Data under study:

........

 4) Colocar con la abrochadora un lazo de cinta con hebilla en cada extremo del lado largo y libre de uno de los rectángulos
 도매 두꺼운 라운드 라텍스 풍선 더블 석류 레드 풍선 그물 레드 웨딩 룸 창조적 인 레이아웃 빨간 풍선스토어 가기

........

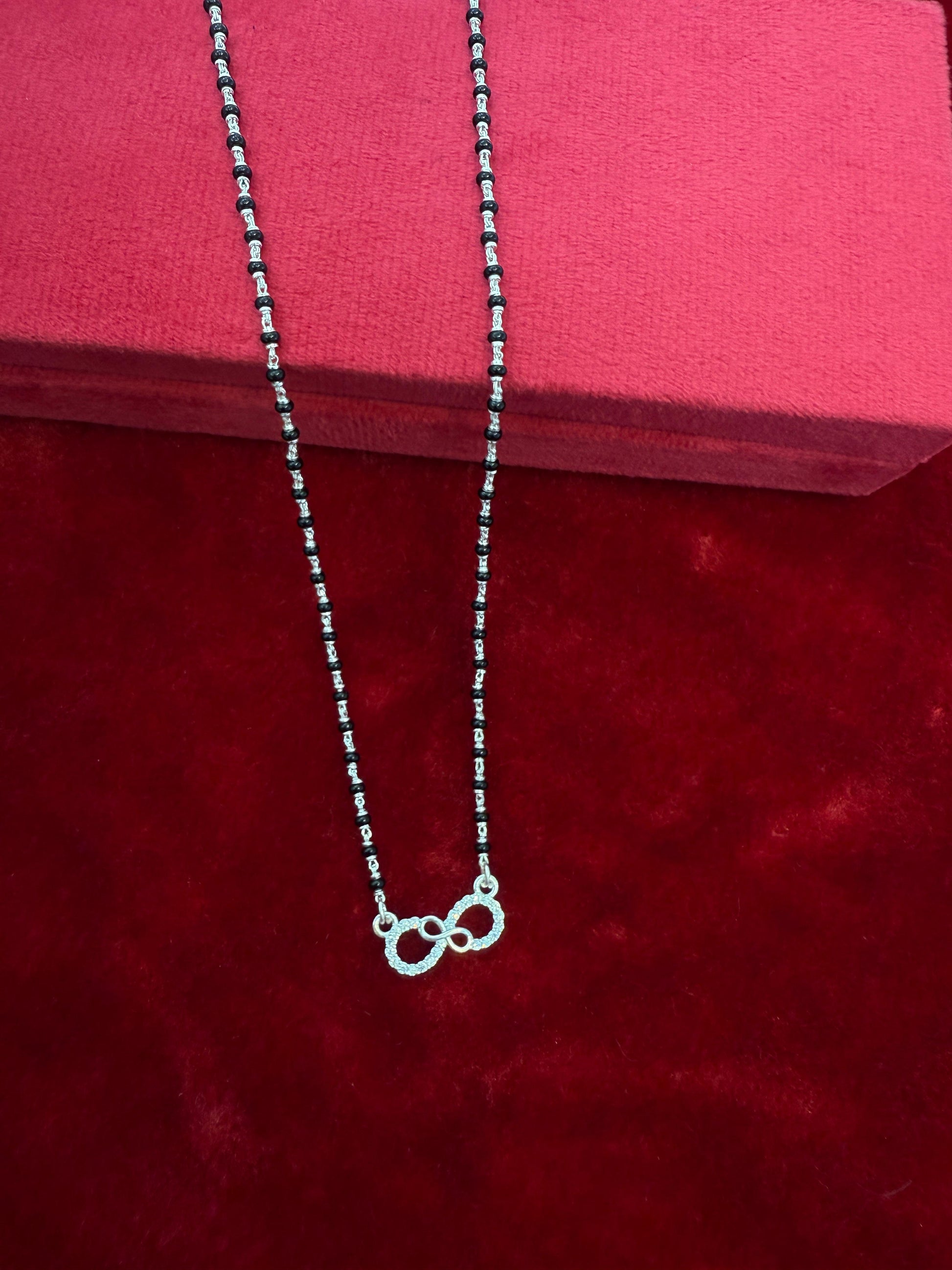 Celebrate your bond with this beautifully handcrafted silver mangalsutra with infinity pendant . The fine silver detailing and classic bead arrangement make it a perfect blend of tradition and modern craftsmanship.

........

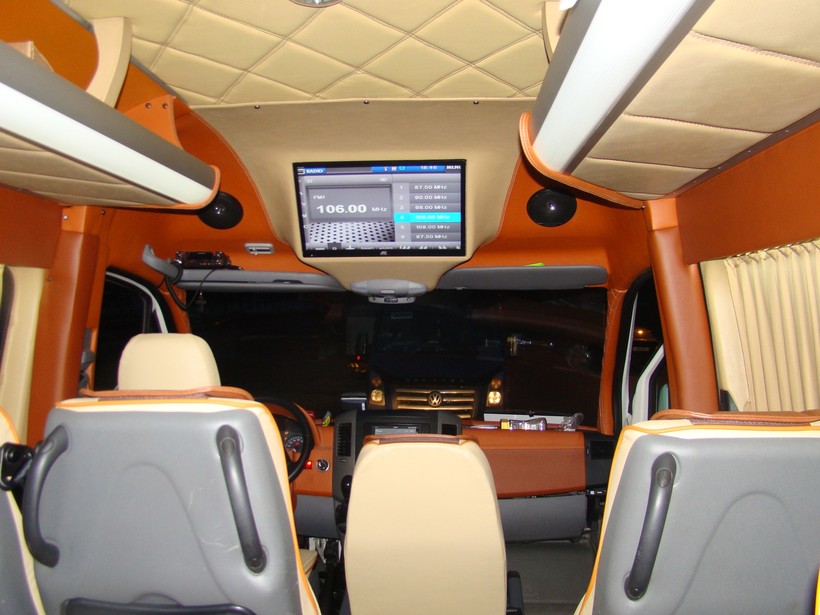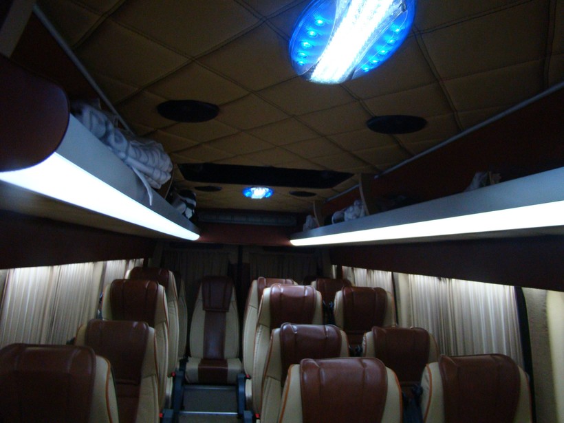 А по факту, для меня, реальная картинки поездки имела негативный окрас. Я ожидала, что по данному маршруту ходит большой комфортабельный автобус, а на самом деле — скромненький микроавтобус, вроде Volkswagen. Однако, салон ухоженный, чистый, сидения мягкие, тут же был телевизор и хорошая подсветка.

........

Aim of the exercise:
The lines above from the one containing "4) Colocar con" through the one containing "도매 두꺼운 라운드 라텍스" are to be set down exactly, and no others.

Answer to this task:
 4) Colocar con la abrochadora un lazo de cinta con hebilla en cada extremo del lado largo y libre de uno de los rectángulos
 도매 두꺼운 라운드 라텍스 풍선 더블 석류 레드 풍선 그물 레드 웨딩 룸 창조적 인 레이아웃 빨간 풍선스토어 가기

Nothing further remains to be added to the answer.